Mike seems more of a blue-collar type of fellow. Most of you imagined him going home to Parma, to those Ohio girls he loves so well and to a place in his father's business. If he does strike out on his own, his career options may be limited by his locale; other jobs for Mike include carnie, gas jockey and pig farmer. Wrestling may play a part in the Miz's future, but according to the responses, a position as "village idiot" seems just as likely.
Most of the suggested careers for Nicole revolve around her use of personal care products. After all, when you spend a great deal of time doing anything, you become an expert, right? And there aren't very many careers in sofa-lounging at this time, especially with the recession and all. So, most of you voted for some sort of make-up artist job for Nicole, whether it be for the circus or for drag queens. Speaking of drag queens, a noticeable percentage of voters claimed that Nicole should perhaps be rightfully called Nicholas, and said that Nicole is already a drag queen!

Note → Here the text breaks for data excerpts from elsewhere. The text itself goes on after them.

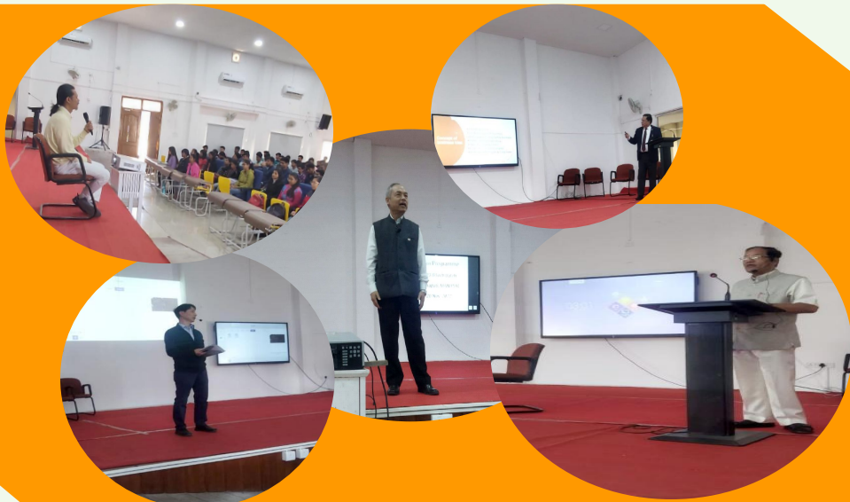
Experts addressing the students in the Orientation programme.

As part of the orientation programme, the students were divided according to their batches and taken to their respective classes under the guidance of the teachers. They were shown their classrooms and various laboratories in the campus. All the students introduced themselves in front of their classmates which helped the students to know each other well. The Induction session proved very beneficial for the students and it concluded with a splendid note. The Induction programme was followed by a field trip to various parts of Manipur which included trekking the hill which is behind the campus, visiting the Imphal Peace Museum , Loktak Lake and also Keibul-Lamjao National park.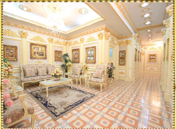
The Lobby of Srisakdi Charmonman Institute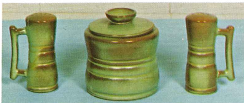
26G—SUGAR/GREASE 26H—SALT & PEPPER 4-PIECE SET/BOXED

Rachel seems so young and unformed that it's hard to imagine her holding a job at all. Indeed, many of you claimed that her mother would never let her do something so independent as work. Her interest in indie rock, however, means that there will always be a place for her, whether it's as a groupie, or behind the counter of a record store. The future, however, is in merchandising, and Rachel's best bet might be to portray such diverse, huggable creatures as a Kewpie Doll, Elmo or a Care Bear, according to your responses.
A note to Bunim/Murray: Season X seemed to stir up much resentment among its audience, and to save you more grief in the future, I've compiled my readers' suggestions on ways to make "The Real World" a better program. Some suggestions, such as "More public nudity" and "Punishments for bad behavior" might be difficult to institute, but the top five suggestions seem pretty obvious to me.
1. Fire the current casting department. Find employees who can distinguish between shrill, unlikable people and interesting people.
2. Get rid of the meaningless jobs that are jobs in name only. Either allow the cast members to find and hold their own, real jobs, or promote endless hedonism. If you must give everyone a standard job, make it a job in which failure is funny.
3. Make the kids work for their cushy house, or make the house not so cushy. I get the feeling that folks are tired of the way the "ungrateful little brats" abuse their designer furnishings without paying a cent of rent.
4. Stop the program. Just stop it. That suggestion is from the more bitter members of the viewing audience.
5. Cast older people. This suggestion did not only come from people over the golden age of 24, either, which rather surprised me.
My own personal suggestion, of course, is to ditch the casting
retreat. It set the relationships in stone before the kids even
moved in. Talk about a let-down, dearies! Anyway, I'm glad to
see that there's no such thing for the Chicago season, which
begins next week. I guess you could say that I'm skeptical, but
not without hope. I don't know if I could review another Season
X! Let's just cross our fingers, shall we? A bientot!